Current troponin assays used in the United States are imprecise at low values where the risk of missing an early non-ST segment myocardial infarction is highest. In addition to the usual clinical and ECG data, the six-hour troponin retest has been advanced to overcome this problem. The advent of high-sensitivity troponin tests has allowed for a three-hour retest protocol to perform similarly to the six-hour protocol. However, there has been resistance to adopting the three-hour test protocol because of concerns that it would generate considerable false positives and would increase costs and inappropriate coronary angiography. The adoption of the hsTnT with a three-hour protocol in three hospitals in the APACE research consortium allowed the investigators to compare their experience to experiences of the hospitals still using the standard troponin T six-hour protocol. Although not a randomized trial, the results are compelling. Coronary angiography and stress testing rates remained constant, and ED length of stay decreased significantly. There were no changes in these parameters over the same time frame in the control hospitals. The authors argued that adoption of the three-hour retest in the hsTnT protocol improved the precision of allocating patients for further testing or discharge home.

There are limitations to the study. There were baseline differences between the patients before and after the switch in the test hospitals, which the investigators adjusted for, but a propensity analysis was not performed. Also, only troponin T was studied, so the results may not be applicable to troponin I. In addition, patients with end-stage renal disease on hemodialysis were excluded. It is well known that troponin T levels are higher in such patients, which adds complexity to the use of the three-hour protocol, were it to be used more widely. Finally, there are no outcome data, so we don’t know if the three-hour protocol resulted in better care.
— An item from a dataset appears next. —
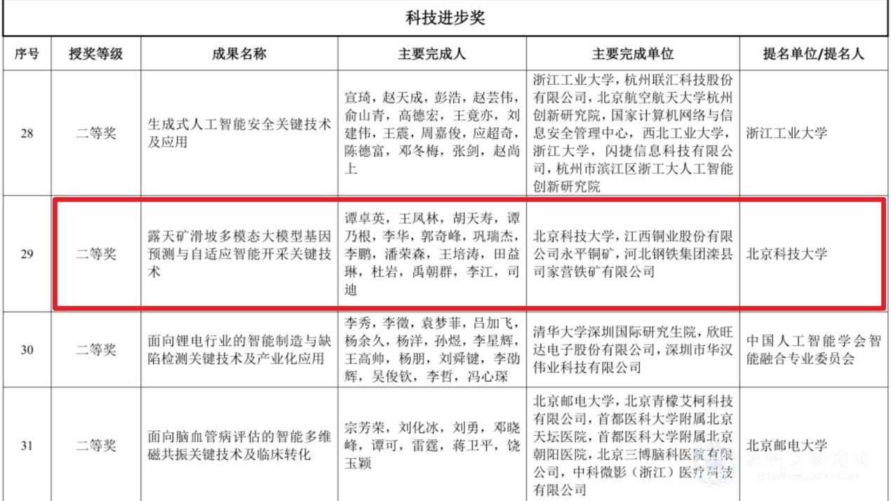 北科大新闻网3月25日电(通讯员 俞佳怡)近日,我国人工智能领域最高奖项之一的“吴文俊人工智能科学技术奖”评选结果揭晓。资源与安全工程学院谭卓英教授团队牵头的“露天矿滑坡多模态大模型基因预测与自适应智能开采关键技术”项目,经激烈角逐,凭借人工智能在矿业领域的技术突破和应用效益,荣获吴文俊人工智能科技进步奖二等奖。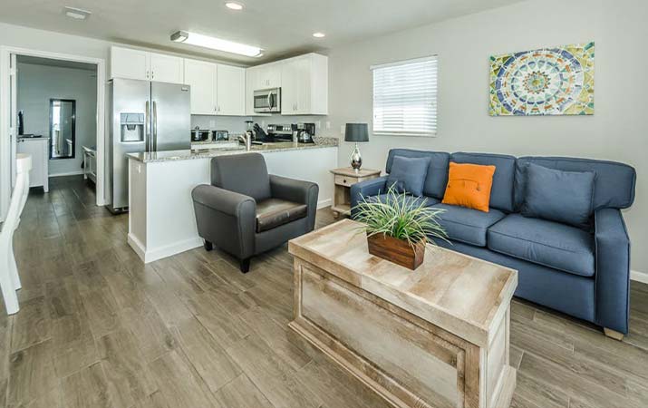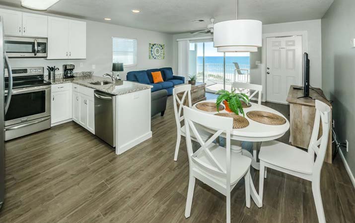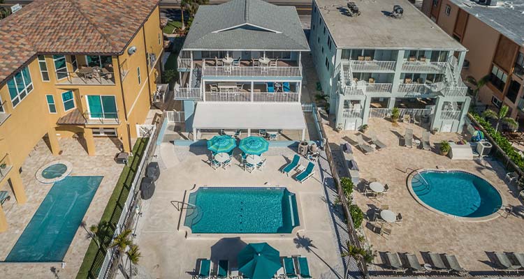 We are proud of our unique property with only ten condominiums, insuring an easy to navigate resort stay unlike some large impersonal resort properties. Our 1, 2, and 3 Bedroom vacation condos offer full kitchens, all face the beach, and each has it's own living space to enjoy television or family time together. They are available for rental any time of the year. We offer a perfect setting for wedding groups to stay and family reunion get togethers. You can rent half the condos with your own pool or the rent the entire property offering you two private pools and complete privacy and independence for your guests.

The most recent European Society of Cardiology guidelines recommend a one-hour retest protocol with high-sensitivity troponin, which wasn’t tested in this study, but there are other data supporting its use. The expected changes in high-sensitivity troponin over one hour usually will be less than that seen with three- or six-hour retest protocols, raising the concern that specificity will be less due to the difficulty in interpreting small rises in troponin. If this is the case, the one-hour protocol could increase angiography and other costs. Clearly, the barriers to high-sensitivity troponin testing are falling, and I would anticipate adoption of these tests in the United States in the near future. In appropriate patients where non-ST elevation acute MI is highly likely clinically, these tests could increase the rapidity of diagnosis and appropriate treatment. However, we know from our experience with fourth-generation troponin testing that the test will be applied widely to largely inappropriate patients, worsening the current troponimania we are dealing with now.